Pascal Poupart
Title: Think Fast -- Resource Constrained Reasoning and Planning under Uncertainty

    Abstract: Recent advances in planning techniques have focused on online search techniques. While these techniques allow practitioners to obtain policies for fairly large problems, they assume that a non-negligible amount of computation can be done between each decision point. In contrast, the recent proliferation of mobile and embedded devices has lead to a surge of applications that could benefit from state of the art planning techniques if they can operate under severe constraints on computational resources. For instance, consider the emerging class of monitoring and assistive applications that run on smart-phones, wearable systems or other mobile devices.  While computational resources are rapidly increasing, energy consumption remains an important bottleneck due to limited battery life. In this talk, I will present some experiments about battery consumption for various types of planning policies on smart-phones. I will then present recent results for the optimization and compilation of policies into controllers with negligible energy consumption during their execution. I will also present recent advances in multi-objective optimization to tradeoff the utility and energy costs resulting from different actions.
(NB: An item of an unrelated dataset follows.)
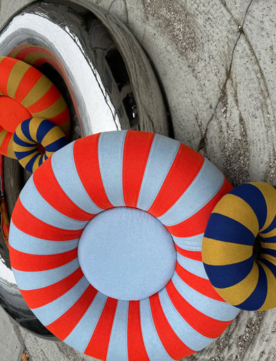 Soft shapes, bold colour play FLOAT PILLOW is a sculptural cushion with a rounded, playful design that brings colour and comfort into your space. Inspired by the FLOAT pouf, it’s made to move freely through your home – to be leaned on, lounged with and lived around. The circular form is soft and striking at once, adding both visual texture and practical comfort to sofas, chairs and beds. How to style it Style FLOAT PILLOW on a lounge chair to soften straight lines, or mix multiple pillows for a layered, colourful look. Pair it with the matching FLOAT pouf to echo shapes and tones across the room – or contrast it boldly with graphic textiles. Ø 400 mm, H 150 mm100% polyester (cover and filling)Machine washable at 30°CDesigned by architect Mikkel Lang MikkelsenColours: Blue/Red, Dark Blue/Ochre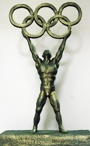 我市民间工艺家蔡国平在奥运期间创作的雕塑作品《崛起》于8月24日完成,整幅作品线条流畅,中国运动员手擎五环,以雕塑的手法勾勒出奥林匹克人类的体魄与精神,给人以力量和美的愉悦。

    Pascal Poupart is an Associate Professor in the David R. Cheriton School of Computer Science at the University of Waterloo, Waterloo (Canada).  He received the B.Sc. in Mathematics and Computer Science at McGill University, Montreal (Canada) in 1998, the M.Sc. in Computer Science at the University of British Columbia, Vancouver (Canada) in 2000 and the Ph.D. in Computer Science at the University of Toronto, Toronto (Canada) in 2005.  His research focuses on the development of algorithms for reasoning under uncertainty and machine learning with application to Assistive Technologies and Natural Language Processing.  He is most well-known for his contributions to the development of approximate scalable algorithms for partially observable Markov decision processes (POMDPs) and their applications in real-world problems, including automated prompting for people with dementia for the task of handwashing and spoken dialog management. Other notable projects that his research team are currently working on include chatbots for automated personalized conversations and a software platform for health monitoring using wearable sensors. He received a David R. Cheriton Fellowship by the University of Waterloo in 2015 and the Early Researcher Award by the Ontario Ministry of Research and Innovation in 2008.  He was also a co-recipient of the Best Paper Award Runner Up at the 2008 Conference on Uncertainty in Artificial Intelligence (UAI) and the IAPR Best Paper Award at the 2007 International Conference on Computer Vision Systems (ICVS).  He served on the editorial board of the Journal of Artificial Intelligence Research (JAIR) (2008 - 2011) and the Journal of Machine Learning Research (JMLR) (2009 - present).  His research collaborators include Google, Intel, Huawei, Kik Interactive, In the Chat, Slyce.it, the Alzheimer Association, the UW-Schlegel Research Institute for Aging, Sunnybrook Health Science Centre, the Toronto Rehabilitation Institute and the Intelligent Assistive Technology and Systems Laboratory at the University of Toronto.